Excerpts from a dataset

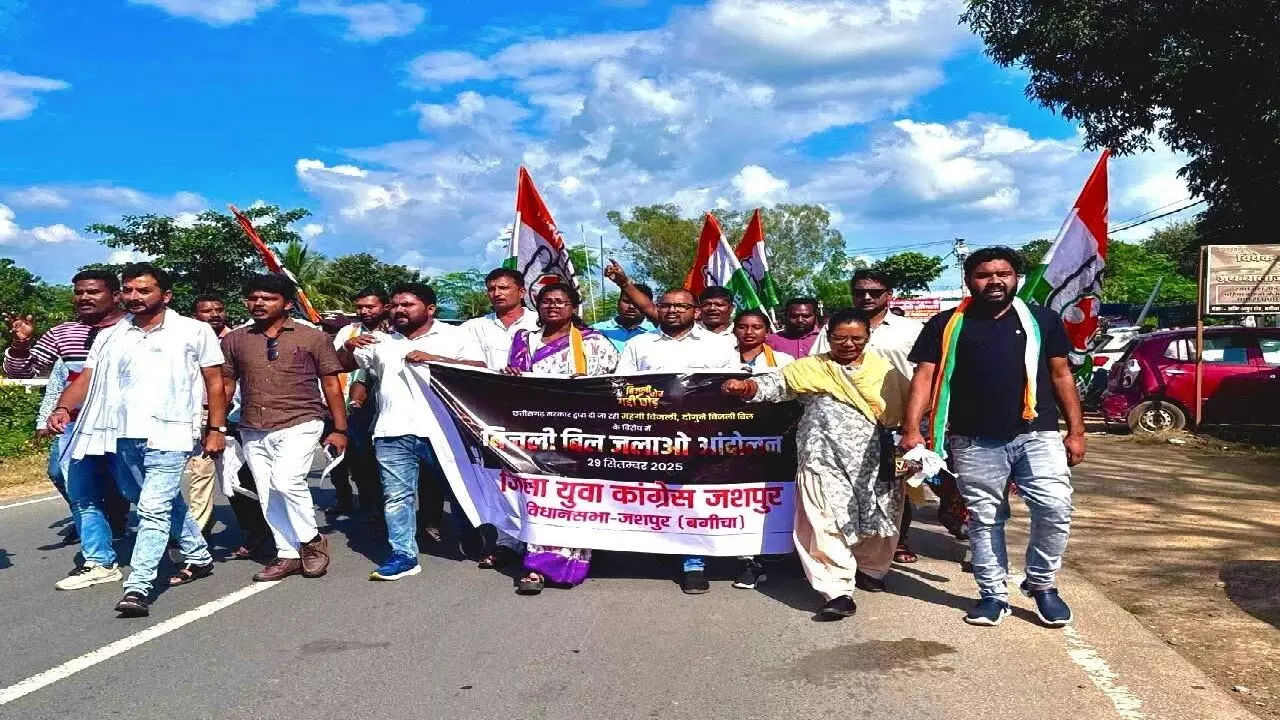 अजय सूर्यवंशी- जशपुर। छत्तीसगढ़ के युवा कांग्रेस अध्यक्ष आकाश शर्मा के निर्देशानुसार पूरे प्रदेश में 'बिजली बिल जलाओ आंदोलन' किया गया। जिसके तहत जशपुर युवा कांग्रेस द्वारा बगीचा तहसील चौक से पदयात्रा कर बिजली ऑफिस के सामने बिजली बिल जला कर बढ़ते दरों का विरोध प्रदर्शन किया गया। आंदोलन के पश्चात बिजली विभाग को ज्ञापन सौंपा गया।
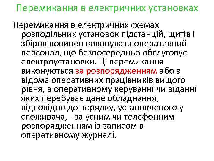 Перемикання в електричних установках Перемикання в електричних схемах розподільних установок підстанцій, щитів і збірок повинен виконувати оперативний персонал, що безпосередньо обслуговує електроустановки. Ці перемикання виконуються за розпорядженням або з відома оперативних працівників вищого рівня, в оперативному керуванні чи віданні яких перебуває дане обладнання, відповідно до порядку, установленого у споживача, - за усним чи телефонним розпорядженням із записом в оперативному журналі.
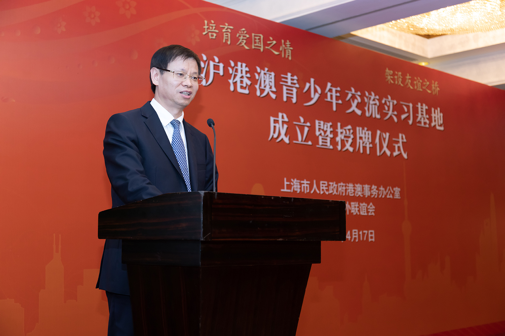 4月17日下午,我校副校长李志斌出席了由上海市人民政府港澳事务办公室与上海海外联谊会共同牵头的“沪港澳青少年交流实习基地”成立暨授牌仪式。
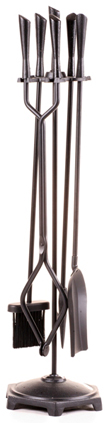 Черный каминный набор состоит из 4 предметов с изящными рукоятями.
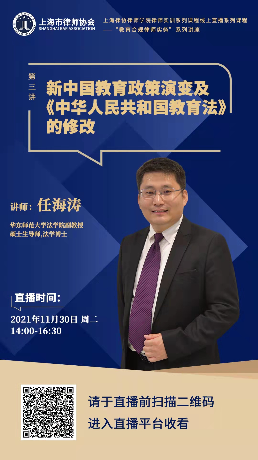 主講人:任海濤,華東師范大學法學院副教授,碩士生導師,法學博士。主要研究方向為教育法學、法治教育;
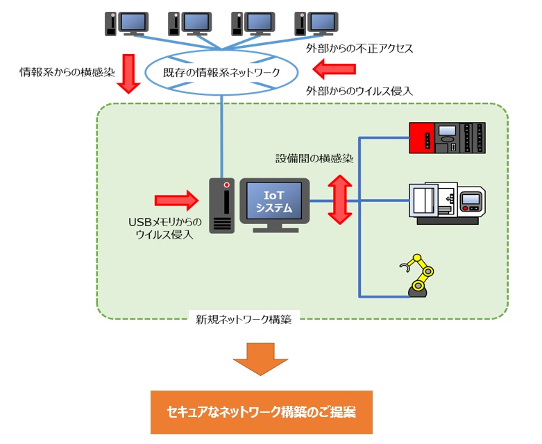 適切なIoTシステム、旧型設備の接続方法、ネットワーク構築に至るまで、IoT化をトータルにご提案いたします。
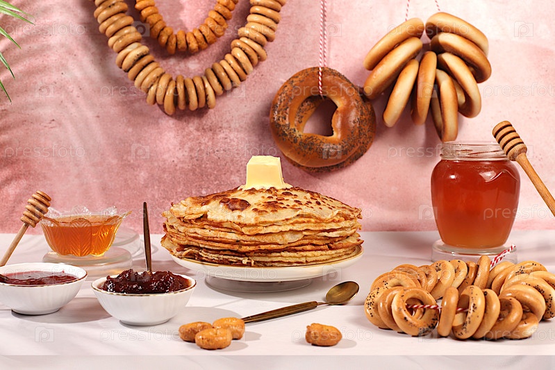 Масленица и традиционная русская кухня.Вкусные российские блины с мягким сыром, медом, вареной мармеладкой, сметаной, икры и бубликов, прецеллы на праздничном столе.Кафе рекламный баннер
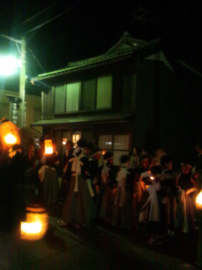 お祭のメインは、街を厄除けしながら巡回する神楽組と、その後ろから付いて回るのが…
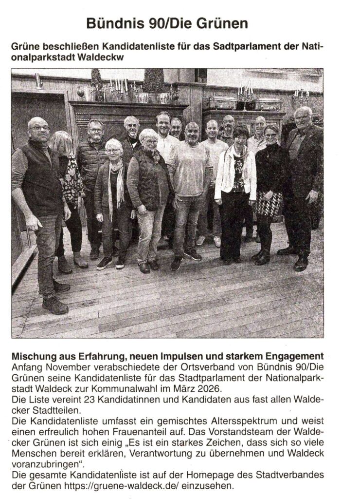 Bündnis 90/Grüne beschließen Kandidatenliste
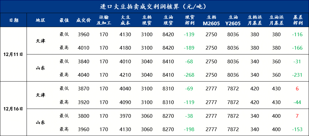 从进口大豆拍卖成交利润核算来看,对应的远月基差压榨利润普遍负值,普遍在-30至-230元/吨之间。以拍卖成交价核算,油厂仍面临“即期亏损”压力,豆粕现货价格3040-3100元/吨难以覆盖“大豆成本+运输加工”后的完全成本。仅仅12月16日天津和山东分别以最低价3870和3800元/吨核算榨利才处于盈亏线水平。且近期连粕M2605处于2750附近波动,并未提供良好的套盘空间。
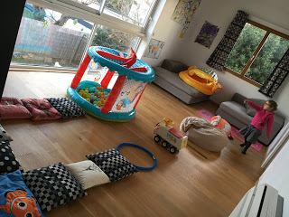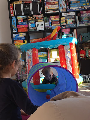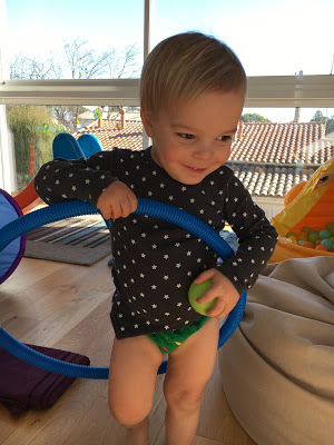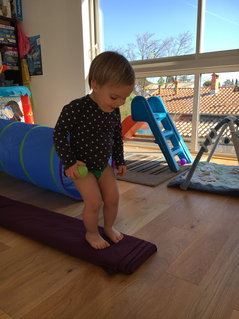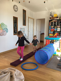La salle de jeux est transformée en salle de motricité pour l’occasion, Lucie et Émile testent le parcours,
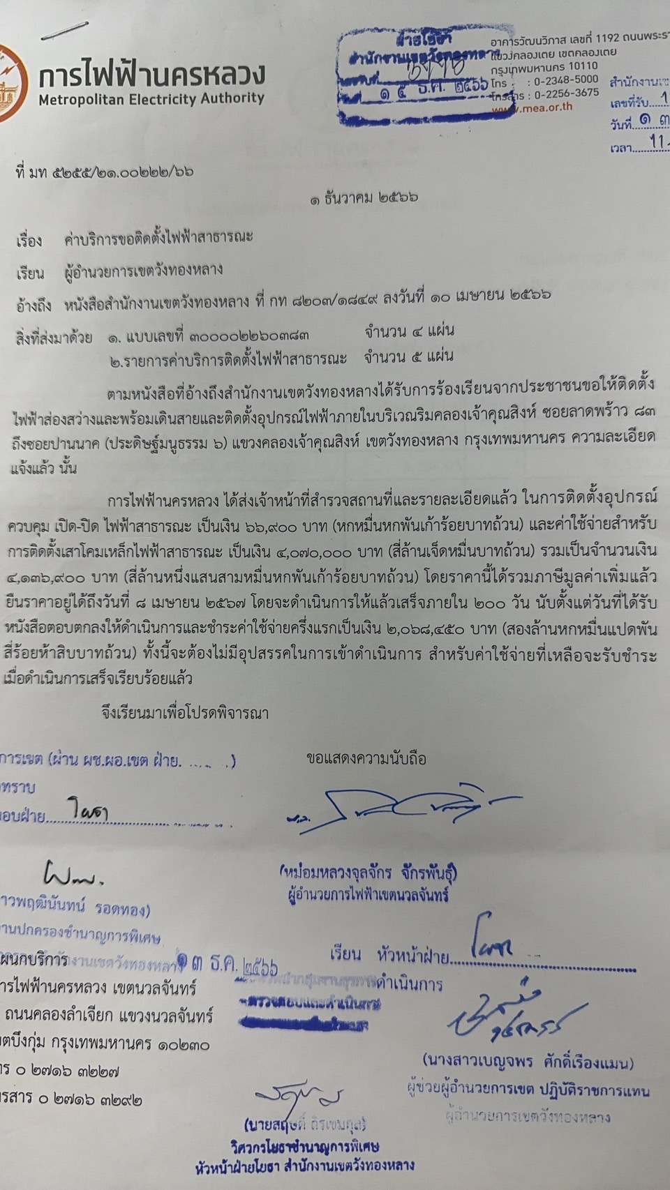 18-03-202410.00ไฟฟ้าดำเนินการติดตั้งไฟฟ้าบริเวณริมคลองลาดพร้าว
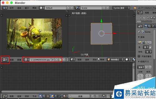 3、頂部的3d視圖左邊角“三角形”鼠標(biāo)按住向右邊拖拽一個(gè)窗口,切換為“UV/圖像編輯器”窗口,并打開一張貼圖圖片。
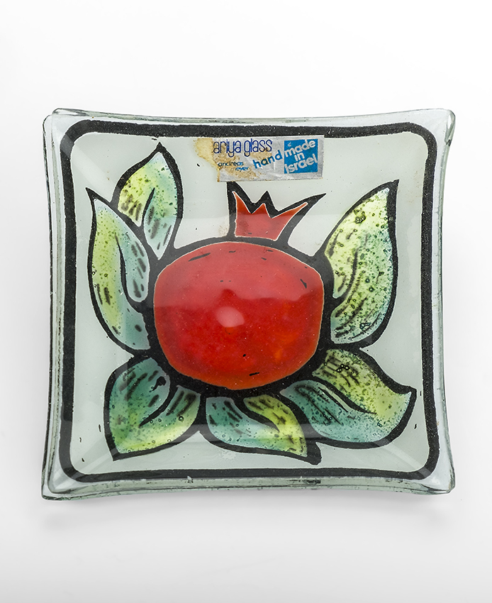 bruikleen 2025-10-20 inv.nr. HK 0721 in depot Twee vierkante en één ronde geglazuurde schaal in verschillende formaten, handbeschilderd met een rode granaatappel op witte ondergrond.
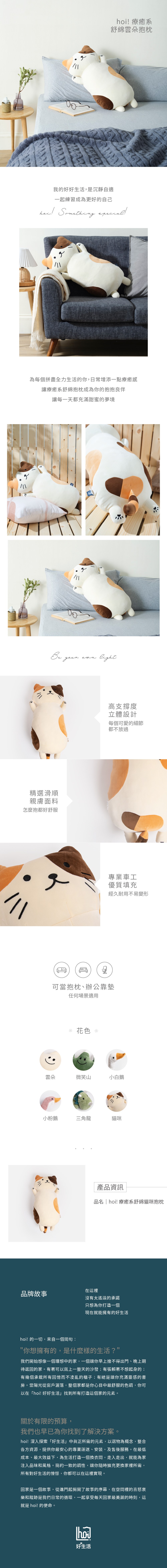 商品特色面料特點:親膚、滑順,柔軟專業車工,優質填充,經久耐用不僅可以當家居擺飾也是最佳的抱抱良伴---------------------------------品名: hoi!療癒系貓咪抱枕---------------------------------
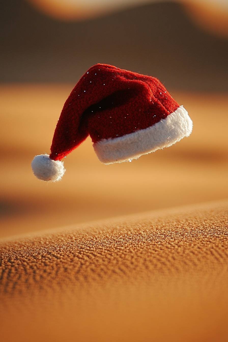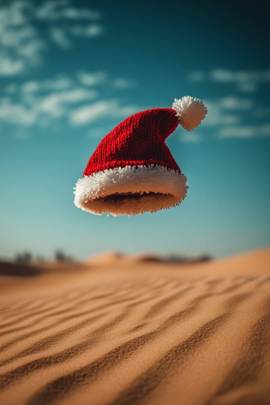 Design of a small Christmas hat floating in the Dubai desert

# [TASK REQUIREMENTS]
Copy only this from above: the line containing "主講人:任海濤,華東師范大學", the line containing "お祭のメインは、街を厄除けし", and all lines between, printed exactly. Leave out the pictures.

# [EXERCISE RESULT]
 主講人:任海濤,華東師范大學法學院副教授,碩士生導師,法學博士。主要研究方向為教育法學、法治教育;
 適切なIoTシステム、旧型設備の接続方法、ネットワーク構築に至るまで、IoT化をトータルにご提案いたします。
 Масленица и традиционная русская кухня.Вкусные российские блины с мягким сыром, медом, вареной мармеладкой, сметаной, икры и бубликов, прецеллы на праздничном столе.Кафе рекламный баннер
 お祭のメインは、街を厄除けしながら巡回する神楽組と、その後ろから付いて回るのが…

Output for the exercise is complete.